DATA FOR THIS EXERCISE:
■ ■ ■ ■
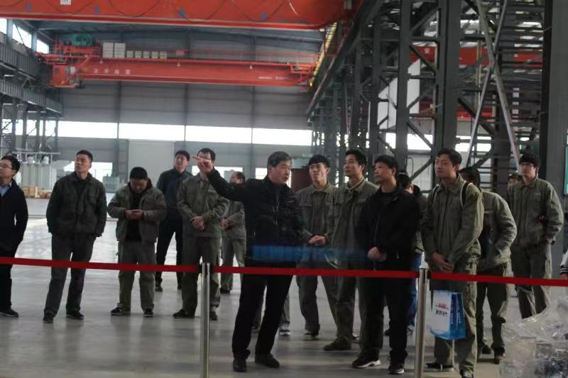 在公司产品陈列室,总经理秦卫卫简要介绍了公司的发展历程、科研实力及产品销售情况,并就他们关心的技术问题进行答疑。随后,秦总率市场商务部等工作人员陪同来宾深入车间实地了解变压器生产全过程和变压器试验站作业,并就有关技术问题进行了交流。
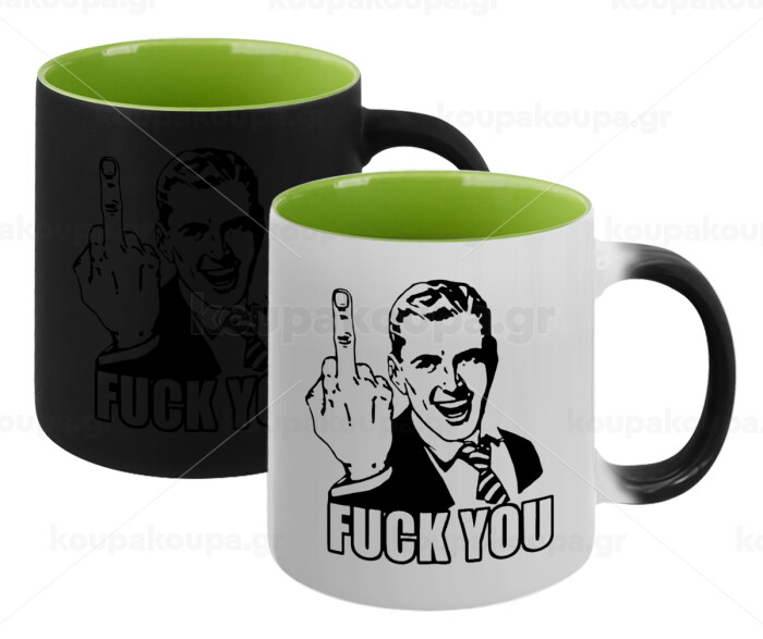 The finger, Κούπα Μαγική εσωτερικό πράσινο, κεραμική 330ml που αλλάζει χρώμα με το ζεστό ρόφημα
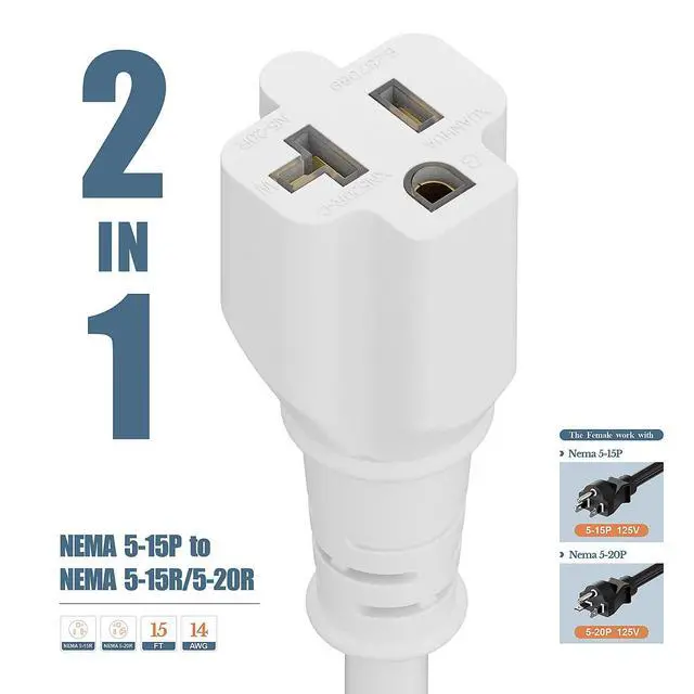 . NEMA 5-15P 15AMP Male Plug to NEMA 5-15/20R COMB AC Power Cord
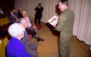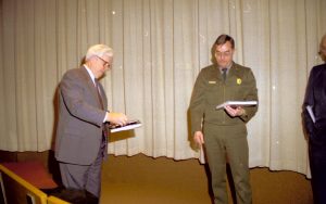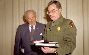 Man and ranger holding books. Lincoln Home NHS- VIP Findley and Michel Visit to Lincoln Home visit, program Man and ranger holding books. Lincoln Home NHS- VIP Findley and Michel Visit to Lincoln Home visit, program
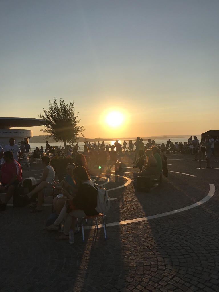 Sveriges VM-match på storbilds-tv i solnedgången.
■ ■ ■ ■
EXERCISE BRIEF: In the copy, every entry must appear exactly as written, and no picture may appear.

SOLVED EXERCISE:
 在公司产品陈列室,总经理秦卫卫简要介绍了公司的发展历程、科研实力及产品销售情况,并就他们关心的技术问题进行答疑。随后,秦总率市场商务部等工作人员陪同来宾深入车间实地了解变压器生产全过程和变压器试验站作业,并就有关技术问题进行了交流。
 The finger, Κούπα Μαγική εσωτερικό πράσινο, κεραμική 330ml που αλλάζει χρώμα με το ζεστό ρόφημα
 . NEMA 5-15P 15AMP Male Plug to NEMA 5-15/20R COMB AC Power Cord
 Man and ranger holding books. Lincoln Home NHS- VIP Findley and Michel Visit to Lincoln Home visit, program Man and ranger holding books. Lincoln Home NHS- VIP Findley and Michel Visit to Lincoln Home visit, program
 Sveriges VM-match på storbilds-tv i solnedgången.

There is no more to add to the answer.